Exercise —
Lines to restate from the data below: from the one containing "of spout. |" to the one containing "Lampa Umage Asteria", both included. Give them again exactly, and only them.

━━━ Materials provided

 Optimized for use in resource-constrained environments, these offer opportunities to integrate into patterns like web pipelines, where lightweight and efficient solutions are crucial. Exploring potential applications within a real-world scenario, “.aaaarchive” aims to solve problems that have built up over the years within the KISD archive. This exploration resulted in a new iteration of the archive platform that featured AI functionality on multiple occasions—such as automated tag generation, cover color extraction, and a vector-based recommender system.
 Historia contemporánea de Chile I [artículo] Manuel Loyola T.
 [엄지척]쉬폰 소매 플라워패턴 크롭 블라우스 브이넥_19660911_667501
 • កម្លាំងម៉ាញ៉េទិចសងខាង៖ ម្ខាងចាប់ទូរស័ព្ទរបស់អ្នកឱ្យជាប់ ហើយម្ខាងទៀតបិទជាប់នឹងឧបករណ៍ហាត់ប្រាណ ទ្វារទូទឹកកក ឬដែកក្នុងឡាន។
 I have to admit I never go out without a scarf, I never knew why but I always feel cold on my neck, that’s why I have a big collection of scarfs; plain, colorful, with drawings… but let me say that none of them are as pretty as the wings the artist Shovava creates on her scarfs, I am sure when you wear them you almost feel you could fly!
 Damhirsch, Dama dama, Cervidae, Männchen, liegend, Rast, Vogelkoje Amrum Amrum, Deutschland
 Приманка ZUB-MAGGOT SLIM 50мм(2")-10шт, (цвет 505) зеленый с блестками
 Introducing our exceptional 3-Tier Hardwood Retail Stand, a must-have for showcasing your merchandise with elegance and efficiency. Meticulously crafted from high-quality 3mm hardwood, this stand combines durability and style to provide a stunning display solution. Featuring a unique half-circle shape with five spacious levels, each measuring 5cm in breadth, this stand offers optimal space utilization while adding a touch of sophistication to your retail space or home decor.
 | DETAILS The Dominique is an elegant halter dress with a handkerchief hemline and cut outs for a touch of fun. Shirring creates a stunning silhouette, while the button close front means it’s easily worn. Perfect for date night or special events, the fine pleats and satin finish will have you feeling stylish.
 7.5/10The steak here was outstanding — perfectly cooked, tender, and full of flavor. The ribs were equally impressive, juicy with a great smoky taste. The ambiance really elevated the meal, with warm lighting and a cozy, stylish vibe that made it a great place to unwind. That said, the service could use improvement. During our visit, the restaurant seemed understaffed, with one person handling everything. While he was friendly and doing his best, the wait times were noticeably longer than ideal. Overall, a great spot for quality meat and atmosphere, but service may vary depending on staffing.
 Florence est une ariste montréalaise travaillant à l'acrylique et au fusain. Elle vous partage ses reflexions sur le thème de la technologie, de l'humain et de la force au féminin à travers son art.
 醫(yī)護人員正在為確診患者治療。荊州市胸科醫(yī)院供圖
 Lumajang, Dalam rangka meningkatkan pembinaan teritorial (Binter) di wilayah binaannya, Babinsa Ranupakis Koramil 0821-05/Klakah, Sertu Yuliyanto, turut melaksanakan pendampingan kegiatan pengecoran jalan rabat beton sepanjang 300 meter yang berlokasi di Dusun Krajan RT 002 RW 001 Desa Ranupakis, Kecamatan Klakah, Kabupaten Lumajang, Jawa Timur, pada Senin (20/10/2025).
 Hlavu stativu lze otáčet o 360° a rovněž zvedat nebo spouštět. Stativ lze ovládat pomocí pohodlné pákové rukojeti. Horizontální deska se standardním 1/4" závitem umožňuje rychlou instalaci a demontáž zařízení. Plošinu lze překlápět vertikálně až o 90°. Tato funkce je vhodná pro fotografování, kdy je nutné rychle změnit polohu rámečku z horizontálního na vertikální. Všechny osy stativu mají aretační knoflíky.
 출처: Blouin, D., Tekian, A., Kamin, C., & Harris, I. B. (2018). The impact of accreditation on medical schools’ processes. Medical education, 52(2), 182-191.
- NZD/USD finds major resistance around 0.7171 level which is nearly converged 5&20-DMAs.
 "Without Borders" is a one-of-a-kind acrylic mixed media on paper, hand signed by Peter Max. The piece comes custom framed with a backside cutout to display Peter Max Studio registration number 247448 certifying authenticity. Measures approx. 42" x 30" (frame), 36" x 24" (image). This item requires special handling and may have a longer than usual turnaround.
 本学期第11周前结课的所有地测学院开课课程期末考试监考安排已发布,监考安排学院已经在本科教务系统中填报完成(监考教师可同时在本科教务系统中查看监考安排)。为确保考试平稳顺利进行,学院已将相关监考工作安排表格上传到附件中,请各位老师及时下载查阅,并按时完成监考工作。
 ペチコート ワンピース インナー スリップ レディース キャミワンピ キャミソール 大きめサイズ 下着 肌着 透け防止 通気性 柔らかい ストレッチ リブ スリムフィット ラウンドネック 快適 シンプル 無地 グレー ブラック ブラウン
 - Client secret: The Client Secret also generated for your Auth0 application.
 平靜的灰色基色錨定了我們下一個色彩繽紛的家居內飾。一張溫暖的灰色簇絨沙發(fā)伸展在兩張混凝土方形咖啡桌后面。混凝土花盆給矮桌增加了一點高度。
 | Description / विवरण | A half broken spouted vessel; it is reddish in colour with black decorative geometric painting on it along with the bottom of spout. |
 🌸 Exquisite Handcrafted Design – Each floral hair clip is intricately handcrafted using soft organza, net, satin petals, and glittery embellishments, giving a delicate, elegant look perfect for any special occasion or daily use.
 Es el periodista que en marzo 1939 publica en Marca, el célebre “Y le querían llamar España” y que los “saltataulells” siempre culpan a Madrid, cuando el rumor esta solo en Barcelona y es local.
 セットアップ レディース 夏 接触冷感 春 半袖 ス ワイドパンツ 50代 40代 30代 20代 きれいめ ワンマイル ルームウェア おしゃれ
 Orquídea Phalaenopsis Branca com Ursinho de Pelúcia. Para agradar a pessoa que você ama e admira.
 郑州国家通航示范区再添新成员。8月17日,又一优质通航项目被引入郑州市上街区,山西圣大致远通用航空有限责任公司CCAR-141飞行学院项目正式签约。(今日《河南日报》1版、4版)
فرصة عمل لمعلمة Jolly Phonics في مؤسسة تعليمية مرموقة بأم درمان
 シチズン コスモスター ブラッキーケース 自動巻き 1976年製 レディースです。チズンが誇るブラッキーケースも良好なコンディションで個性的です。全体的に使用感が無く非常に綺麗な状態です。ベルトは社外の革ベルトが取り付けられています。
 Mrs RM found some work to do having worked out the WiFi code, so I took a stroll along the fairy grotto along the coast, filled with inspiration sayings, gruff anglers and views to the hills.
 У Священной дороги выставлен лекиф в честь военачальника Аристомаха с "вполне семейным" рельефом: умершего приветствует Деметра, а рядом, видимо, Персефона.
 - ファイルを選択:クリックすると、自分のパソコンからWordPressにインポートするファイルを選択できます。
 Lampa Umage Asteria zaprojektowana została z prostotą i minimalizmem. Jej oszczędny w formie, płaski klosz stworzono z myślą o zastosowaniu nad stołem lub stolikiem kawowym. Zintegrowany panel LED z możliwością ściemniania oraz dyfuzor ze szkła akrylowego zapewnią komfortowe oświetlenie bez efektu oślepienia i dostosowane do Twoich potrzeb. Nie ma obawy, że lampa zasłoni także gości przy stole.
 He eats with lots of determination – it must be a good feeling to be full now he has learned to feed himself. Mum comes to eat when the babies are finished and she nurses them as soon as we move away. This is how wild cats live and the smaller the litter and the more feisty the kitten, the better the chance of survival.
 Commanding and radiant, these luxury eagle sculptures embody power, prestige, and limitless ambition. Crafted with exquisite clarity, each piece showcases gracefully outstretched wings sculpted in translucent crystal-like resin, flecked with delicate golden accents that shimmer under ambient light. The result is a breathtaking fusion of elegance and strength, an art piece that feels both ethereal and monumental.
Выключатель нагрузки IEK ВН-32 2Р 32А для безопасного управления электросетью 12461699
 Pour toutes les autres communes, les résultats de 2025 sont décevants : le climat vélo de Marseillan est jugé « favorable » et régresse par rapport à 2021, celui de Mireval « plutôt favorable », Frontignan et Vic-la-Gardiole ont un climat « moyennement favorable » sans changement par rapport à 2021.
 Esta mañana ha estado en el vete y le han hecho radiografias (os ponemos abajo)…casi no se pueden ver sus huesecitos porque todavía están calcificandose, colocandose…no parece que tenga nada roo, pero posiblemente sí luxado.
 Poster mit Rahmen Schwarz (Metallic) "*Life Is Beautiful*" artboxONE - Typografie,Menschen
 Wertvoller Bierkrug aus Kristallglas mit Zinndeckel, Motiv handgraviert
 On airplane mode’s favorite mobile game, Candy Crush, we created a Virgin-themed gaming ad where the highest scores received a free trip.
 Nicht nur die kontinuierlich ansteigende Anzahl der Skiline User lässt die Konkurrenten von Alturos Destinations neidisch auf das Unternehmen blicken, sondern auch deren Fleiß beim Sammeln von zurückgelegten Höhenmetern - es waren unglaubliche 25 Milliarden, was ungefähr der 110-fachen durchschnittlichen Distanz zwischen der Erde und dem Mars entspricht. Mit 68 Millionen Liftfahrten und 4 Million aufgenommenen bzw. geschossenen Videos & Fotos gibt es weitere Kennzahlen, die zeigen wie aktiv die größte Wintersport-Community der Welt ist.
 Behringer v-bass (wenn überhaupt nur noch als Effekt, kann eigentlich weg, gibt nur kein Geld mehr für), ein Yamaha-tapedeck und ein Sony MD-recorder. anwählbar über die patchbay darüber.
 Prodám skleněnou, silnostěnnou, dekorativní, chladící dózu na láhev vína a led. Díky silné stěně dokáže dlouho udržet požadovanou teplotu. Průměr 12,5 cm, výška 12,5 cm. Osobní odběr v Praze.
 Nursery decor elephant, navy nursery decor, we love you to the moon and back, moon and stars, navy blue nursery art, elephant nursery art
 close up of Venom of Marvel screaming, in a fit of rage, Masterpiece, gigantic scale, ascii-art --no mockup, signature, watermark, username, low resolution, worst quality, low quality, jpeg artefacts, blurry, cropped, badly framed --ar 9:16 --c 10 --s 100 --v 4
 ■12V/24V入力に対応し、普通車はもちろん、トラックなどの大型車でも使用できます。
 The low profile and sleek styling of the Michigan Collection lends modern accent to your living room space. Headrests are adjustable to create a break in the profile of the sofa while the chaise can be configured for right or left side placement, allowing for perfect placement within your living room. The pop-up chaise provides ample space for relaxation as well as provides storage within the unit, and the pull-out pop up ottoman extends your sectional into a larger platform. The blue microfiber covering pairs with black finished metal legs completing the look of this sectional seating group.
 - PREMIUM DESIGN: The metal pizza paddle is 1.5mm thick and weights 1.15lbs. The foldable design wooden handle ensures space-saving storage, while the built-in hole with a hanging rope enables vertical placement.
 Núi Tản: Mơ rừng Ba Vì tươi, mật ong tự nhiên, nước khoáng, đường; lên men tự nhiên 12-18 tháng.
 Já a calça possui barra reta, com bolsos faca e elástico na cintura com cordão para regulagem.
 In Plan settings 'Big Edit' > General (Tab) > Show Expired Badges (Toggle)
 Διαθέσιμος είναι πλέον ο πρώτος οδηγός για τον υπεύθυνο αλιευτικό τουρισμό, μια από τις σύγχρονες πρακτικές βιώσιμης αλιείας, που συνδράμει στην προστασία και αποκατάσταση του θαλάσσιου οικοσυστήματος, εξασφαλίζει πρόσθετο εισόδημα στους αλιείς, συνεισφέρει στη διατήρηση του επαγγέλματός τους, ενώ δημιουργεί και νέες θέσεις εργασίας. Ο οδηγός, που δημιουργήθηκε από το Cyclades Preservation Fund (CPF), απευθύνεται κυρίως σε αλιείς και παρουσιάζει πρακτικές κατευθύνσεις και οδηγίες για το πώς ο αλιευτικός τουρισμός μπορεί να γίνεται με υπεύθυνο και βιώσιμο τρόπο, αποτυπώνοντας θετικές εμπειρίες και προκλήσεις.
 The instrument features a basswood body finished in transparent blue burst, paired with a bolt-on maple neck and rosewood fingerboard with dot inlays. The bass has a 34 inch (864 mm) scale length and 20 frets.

━━━━━━

Exercise output —
 | Description / विवरण | A half broken spouted vessel; it is reddish in colour with black decorative geometric painting on it along with the bottom of spout. |
 🌸 Exquisite Handcrafted Design – Each floral hair clip is intricately handcrafted using soft organza, net, satin petals, and glittery embellishments, giving a delicate, elegant look perfect for any special occasion or daily use.
 Es el periodista que en marzo 1939 publica en Marca, el célebre “Y le querían llamar España” y que los “saltataulells” siempre culpan a Madrid, cuando el rumor esta solo en Barcelona y es local.
 セットアップ レディース 夏 接触冷感 春 半袖 ス ワイドパンツ 50代 40代 30代 20代 きれいめ ワンマイル ルームウェア おしゃれ
 Orquídea Phalaenopsis Branca com Ursinho de Pelúcia. Para agradar a pessoa que você ama e admira.
 郑州国家通航示范区再添新成员。8月17日,又一优质通航项目被引入郑州市上街区,山西圣大致远通用航空有限责任公司CCAR-141飞行学院项目正式签约。(今日《河南日报》1版、4版)
فرصة عمل لمعلمة Jolly Phonics في مؤسسة تعليمية مرموقة بأم درمان
 シチズン コスモスター ブラッキーケース 自動巻き 1976年製 レディースです。チズンが誇るブラッキーケースも良好なコンディションで個性的です。全体的に使用感が無く非常に綺麗な状態です。ベルトは社外の革ベルトが取り付けられています。
 Mrs RM found some work to do having worked out the WiFi code, so I took a stroll along the fairy grotto along the coast, filled with inspiration sayings, gruff anglers and views to the hills.
 У Священной дороги выставлен лекиф в честь военачальника Аристомаха с "вполне семейным" рельефом: умершего приветствует Деметра, а рядом, видимо, Персефона.
 - ファイルを選択:クリックすると、自分のパソコンからWordPressにインポートするファイルを選択できます。
 Lampa Umage Asteria zaprojektowana została z prostotą i minimalizmem. Jej oszczędny w formie, płaski klosz stworzono z myślą o zastosowaniu nad stołem lub stolikiem kawowym. Zintegrowany panel LED z możliwością ściemniania oraz dyfuzor ze szkła akrylowego zapewnią komfortowe oświetlenie bez efektu oślepienia i dostosowane do Twoich potrzeb. Nie ma obawy, że lampa zasłoni także gości przy stole.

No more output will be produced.